Wie unser Kopfkino beim Lesen funktioniert
Ist die Hauptfigur einer Geschichte blond oder eher brünett? Oft haben Menschen eine ähnliche Vorstellung beim Lesen, wie eine Figur aussieht. Die Psychologin Stefanie Miketta hat das mit Versuchsteilnehmern und Textbeispielen untersucht.
Jeder habe zum Beispiel eine Vorstellung von einem typischen Automechaniker oder einem Rechtsanwalt, erklärt Stefanie Miketta: "Wir wissen Dinge über eine Figur aus einem Buch und ziehen einen Schluss basierend auf unserem Vorwissen."
Gemeinsam mit ihren Kollegen von der Universität Saarland hat die Psychologin Versuchsteilnehmern zum Beispiel eine Reihe von Fotos vorgelegt und sie gebeten, zu entscheiden, welches dieser Fotos ihrer eigenen Vorstellung am nächsten kommt - wie bei diesem Textbeispiel aus Remarques "Gwen und die Automobile":
"Meine Freundin Gwen würde niemals einen Eid darauf ablegen, daß die Schlacht bei Zama im Jahre 202 stattfand; – es wäre auch verfehlt, sich mit ihr in eine Diskussion über den pythagoräischen Lehrsatz einzulassen; – sie ist sich auch nie ganz sicher, ob die H-Moll-Symphonie von Schumann oder von Schubert ist; – aber wenn man ihr die Augen verbindet und sie auf die Friedrichstraße stellt, wird sie mit tödlicher Sicherheit von jedem vorüberfahrenden Wagen die Fabrikmarke, die PS-Zahl, den Vergaser und das Alter der Maschine angeben." (Quelle: E. M. Remarque (1926/1998): "Gwen und die Automobile", In T. F. Schneider & T. Westphalen (Hrsg.), Das unbekannte Werk.
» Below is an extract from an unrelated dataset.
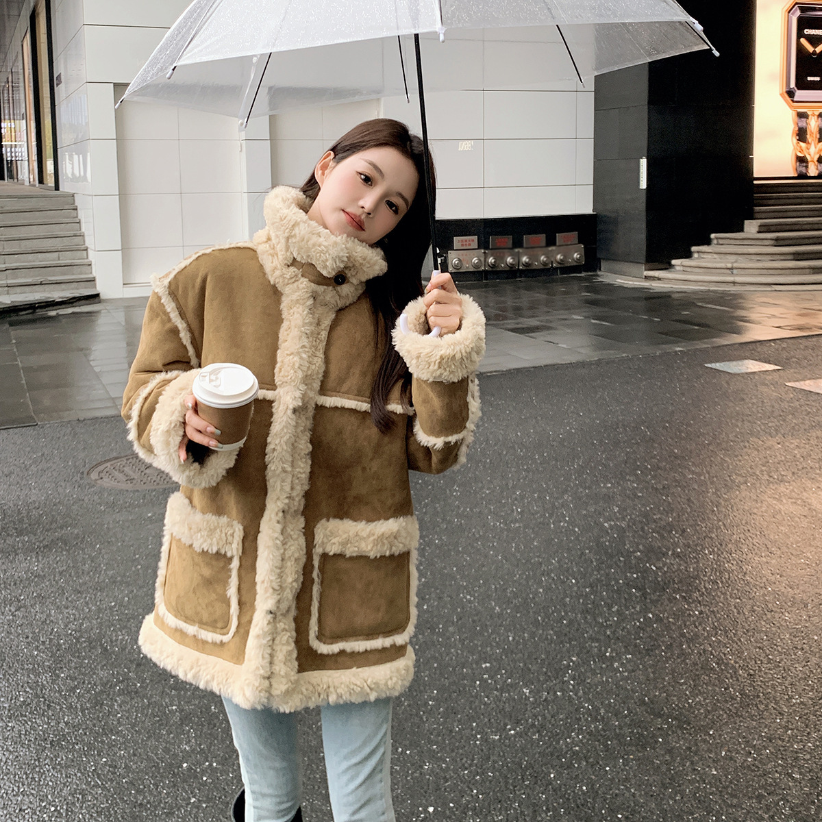 2024 카키색 스플라이스 양털 코트 여성 겨울 디자인 두꺼운 보온 가죽과 모피 일체형 코트스토어 가기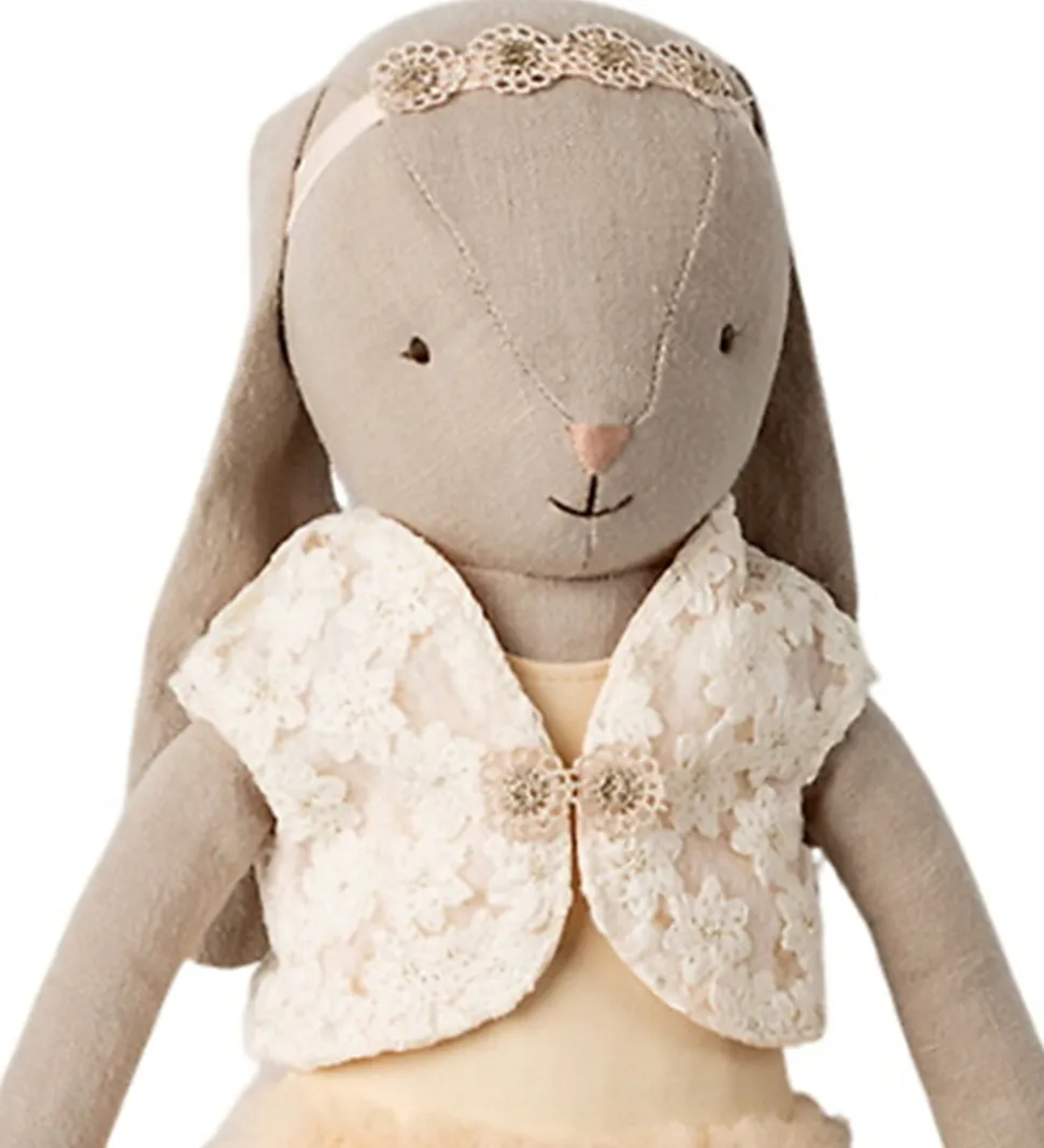 Fin Maileg kanin i lysegrå iført en gul balletdragt og et tylskørt samt en fin vest.

Frühe Prosa. Werke aus dem Nachlaß. Briefe und Tagebücher , Köln , Kiepenheuer & Witsch.)
Hauptbefund ihrer Untersuchungen sei, dass viele Menschen das gleiche Foto wählten, auch wenn das Aussehen der Figur im Text nicht beschrieben sei, so Miketta: "Wir sind sehr verbunden in unseren Vorstellungen. Ich finde das eigentlich etwas sehr Schönes."